## [Provided data]
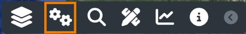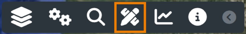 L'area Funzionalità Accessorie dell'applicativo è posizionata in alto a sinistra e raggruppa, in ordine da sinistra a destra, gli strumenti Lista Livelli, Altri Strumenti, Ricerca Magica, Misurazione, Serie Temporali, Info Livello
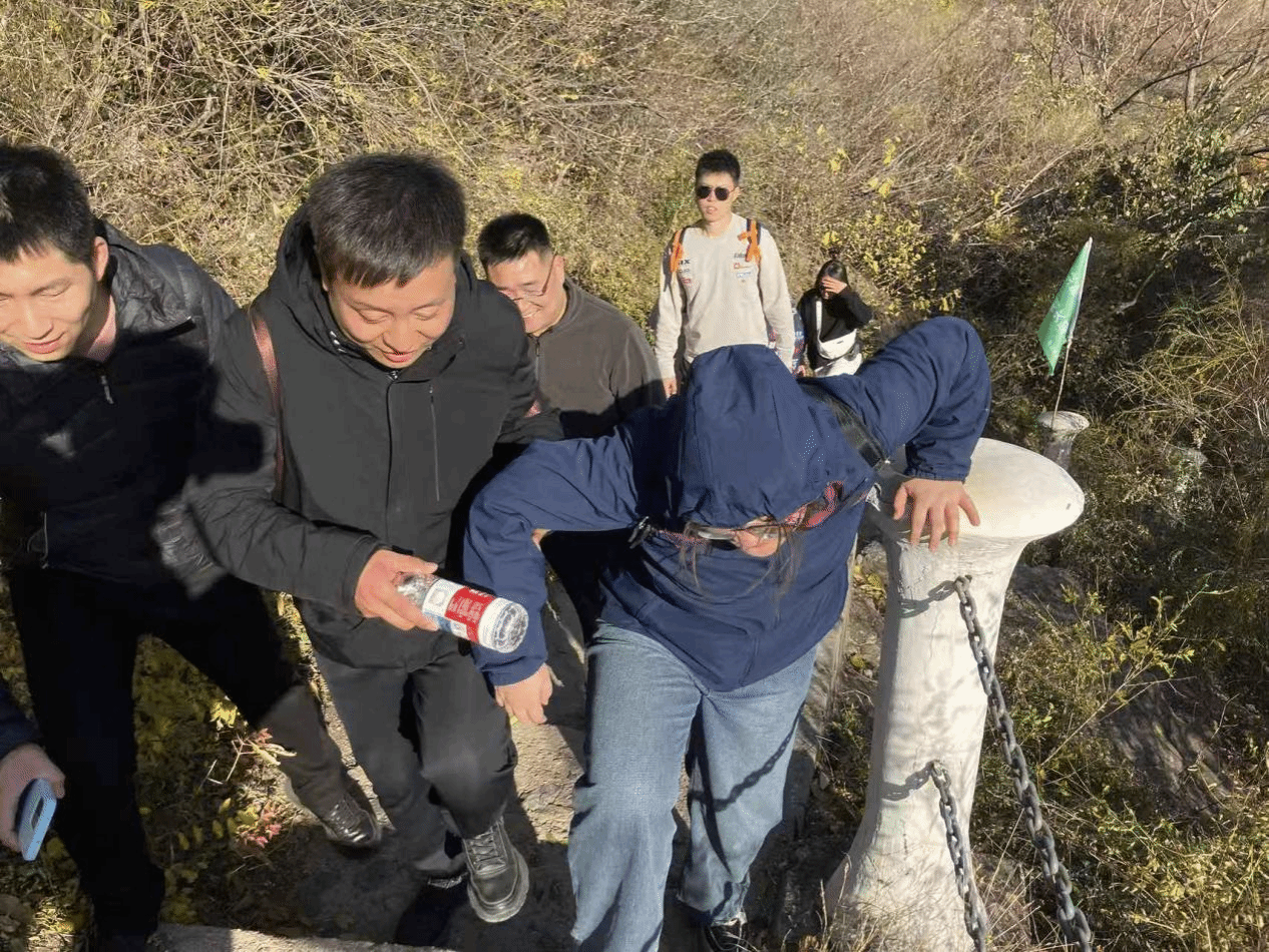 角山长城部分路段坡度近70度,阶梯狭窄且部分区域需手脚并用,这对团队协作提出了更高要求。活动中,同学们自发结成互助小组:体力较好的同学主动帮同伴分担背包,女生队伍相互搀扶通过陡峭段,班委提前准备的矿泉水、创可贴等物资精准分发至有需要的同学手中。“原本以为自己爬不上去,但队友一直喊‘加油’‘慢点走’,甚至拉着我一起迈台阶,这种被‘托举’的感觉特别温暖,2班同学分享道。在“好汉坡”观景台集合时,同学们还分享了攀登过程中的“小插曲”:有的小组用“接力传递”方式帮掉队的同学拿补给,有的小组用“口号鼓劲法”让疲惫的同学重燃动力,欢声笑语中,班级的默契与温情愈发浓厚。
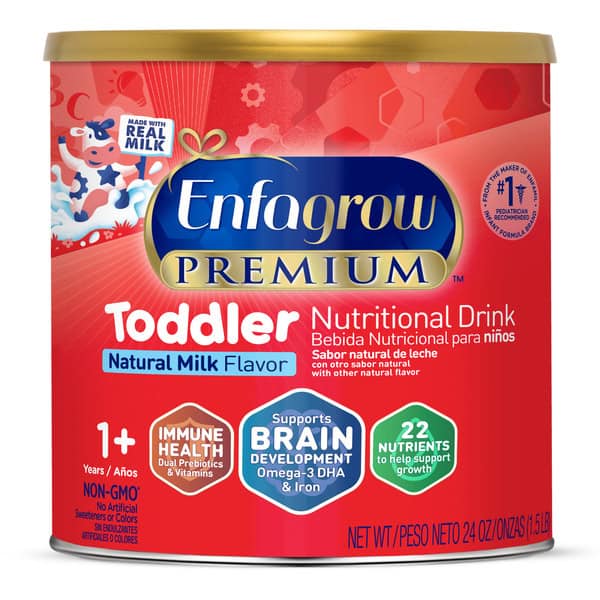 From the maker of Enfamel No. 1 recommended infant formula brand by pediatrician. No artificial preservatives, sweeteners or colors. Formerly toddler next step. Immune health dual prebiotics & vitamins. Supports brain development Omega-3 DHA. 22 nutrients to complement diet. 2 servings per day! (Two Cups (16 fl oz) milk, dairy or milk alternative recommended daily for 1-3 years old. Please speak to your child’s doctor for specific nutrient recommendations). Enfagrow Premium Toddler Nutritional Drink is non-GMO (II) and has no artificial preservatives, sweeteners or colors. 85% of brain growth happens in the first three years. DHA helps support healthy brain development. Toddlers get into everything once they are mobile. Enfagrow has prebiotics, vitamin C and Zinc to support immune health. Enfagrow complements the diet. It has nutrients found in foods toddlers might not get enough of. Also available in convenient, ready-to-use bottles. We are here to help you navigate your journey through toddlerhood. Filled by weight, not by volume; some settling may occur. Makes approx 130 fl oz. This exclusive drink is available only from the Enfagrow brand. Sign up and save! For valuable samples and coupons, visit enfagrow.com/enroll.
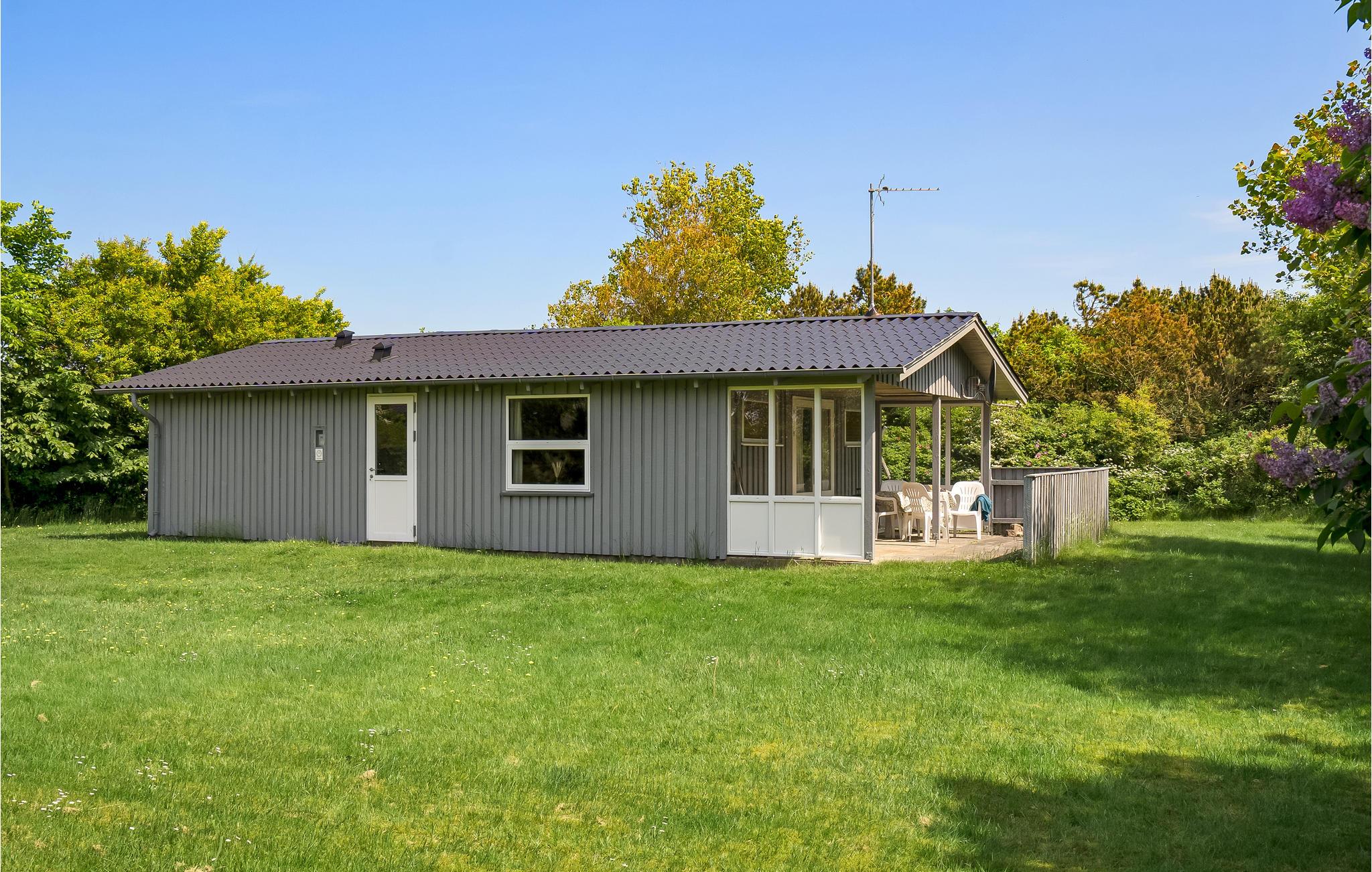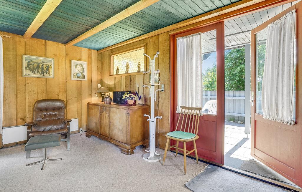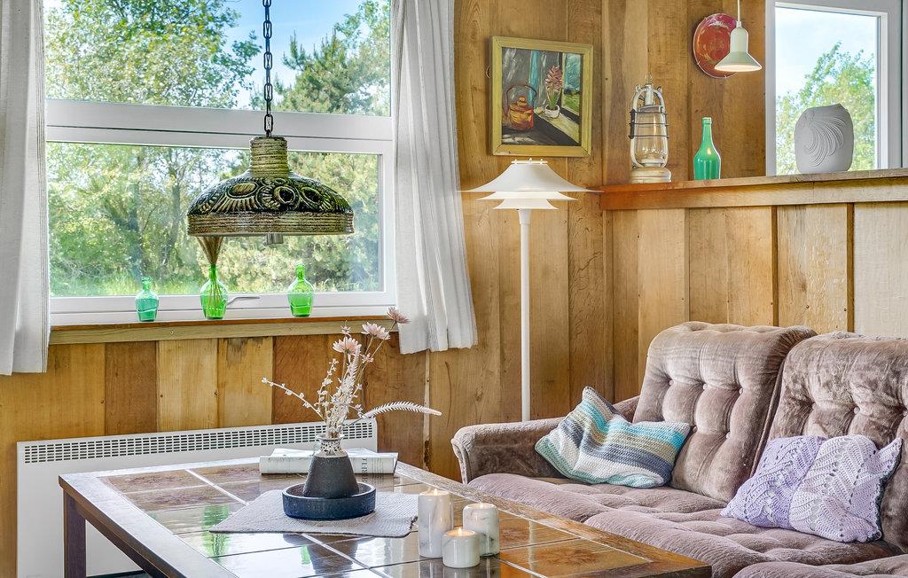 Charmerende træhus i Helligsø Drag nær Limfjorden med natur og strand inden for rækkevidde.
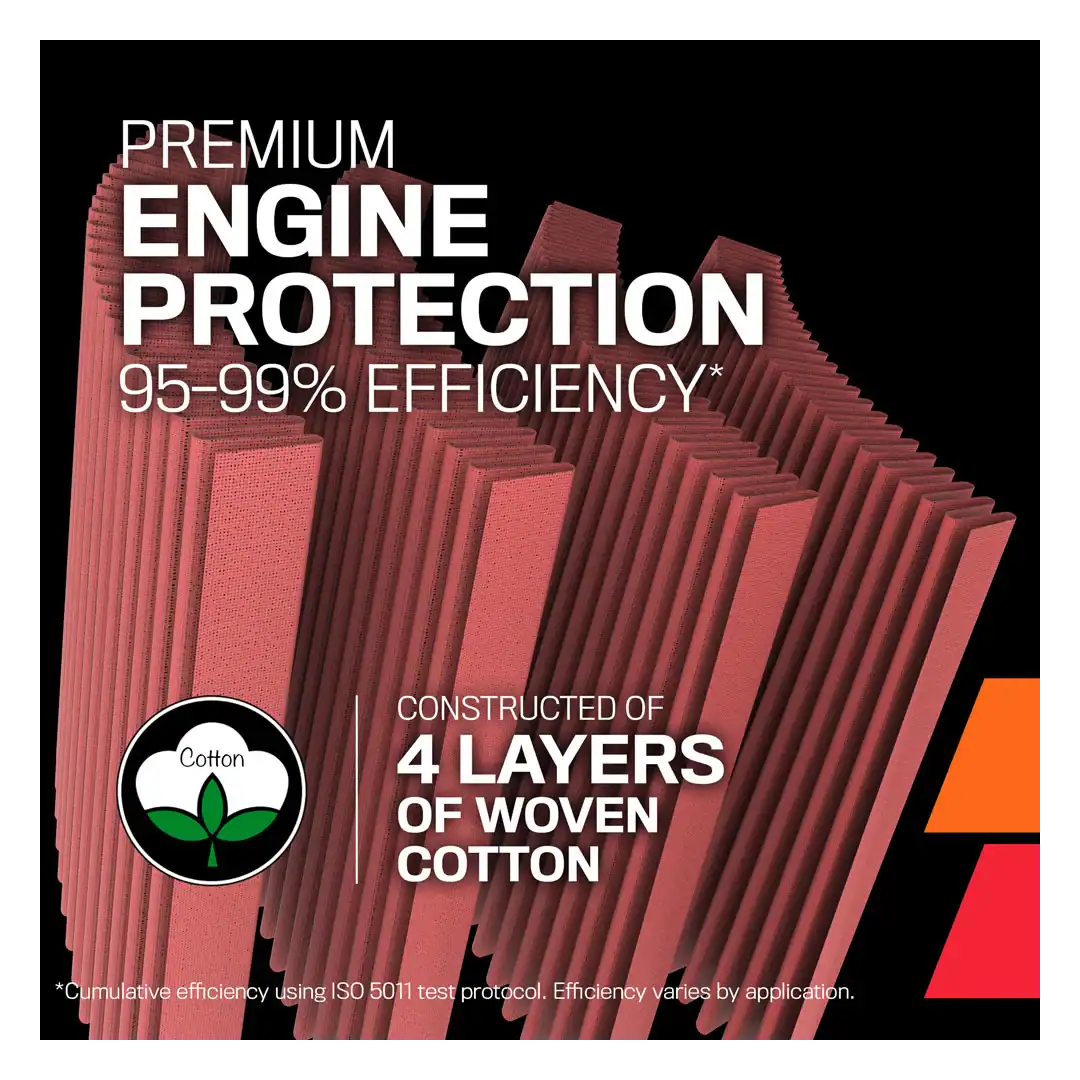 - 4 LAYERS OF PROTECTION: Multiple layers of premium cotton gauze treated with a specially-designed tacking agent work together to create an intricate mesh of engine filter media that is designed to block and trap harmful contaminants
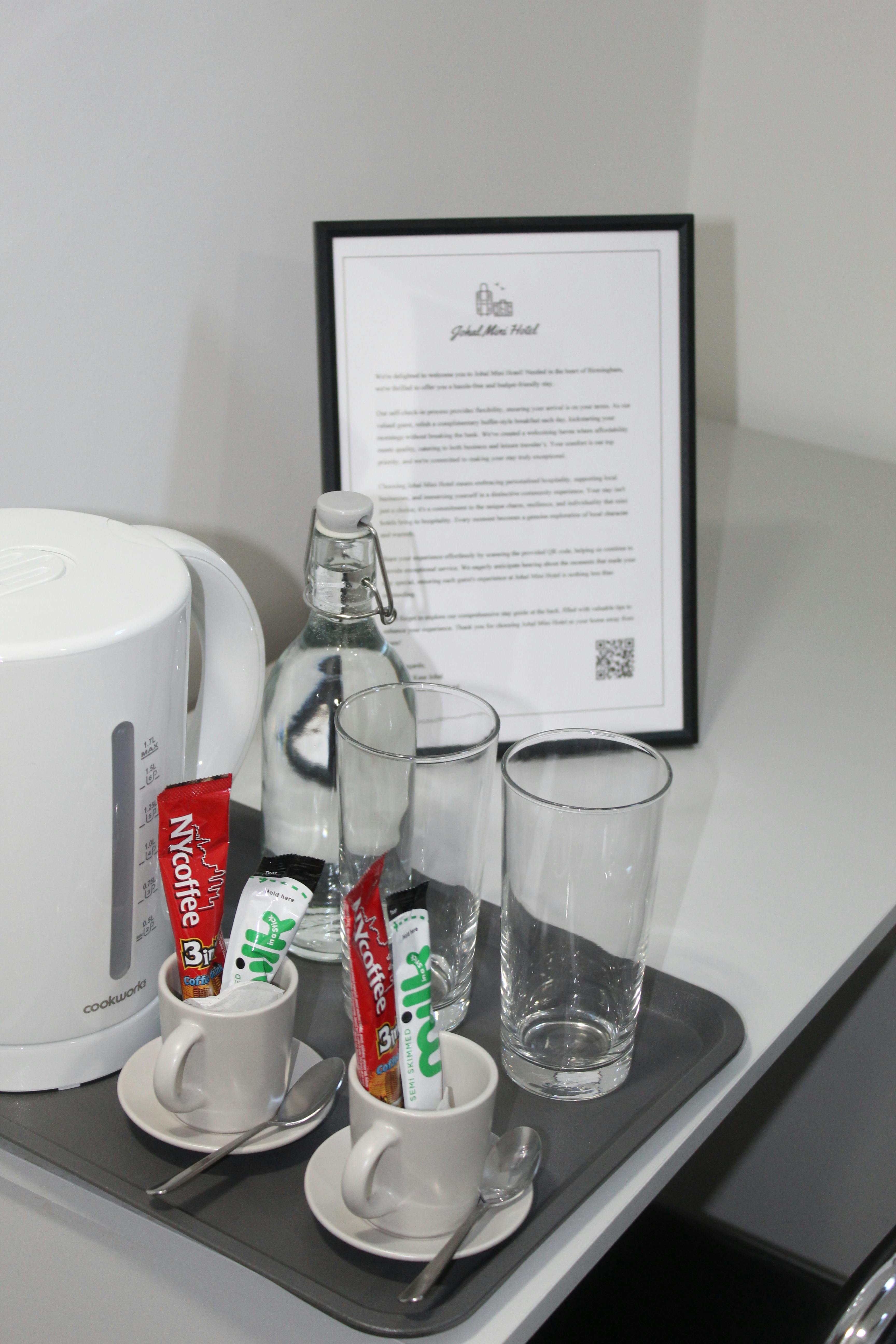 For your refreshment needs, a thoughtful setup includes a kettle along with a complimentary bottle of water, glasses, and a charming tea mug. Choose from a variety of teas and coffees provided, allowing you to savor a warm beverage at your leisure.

## [Problem statement]
Exact copy, pictures excluded: print only the lines from the line containing "- 4 LAYERS OF" through the end of the records.

## [Reply]
 - 4 LAYERS OF PROTECTION: Multiple layers of premium cotton gauze treated with a specially-designed tacking agent work together to create an intricate mesh of engine filter media that is designed to block and trap harmful contaminants
 For your refreshment needs, a thoughtful setup includes a kettle along with a complimentary bottle of water, glasses, and a charming tea mug. Choose from a variety of teas and coffees provided, allowing you to savor a warm beverage at your leisure.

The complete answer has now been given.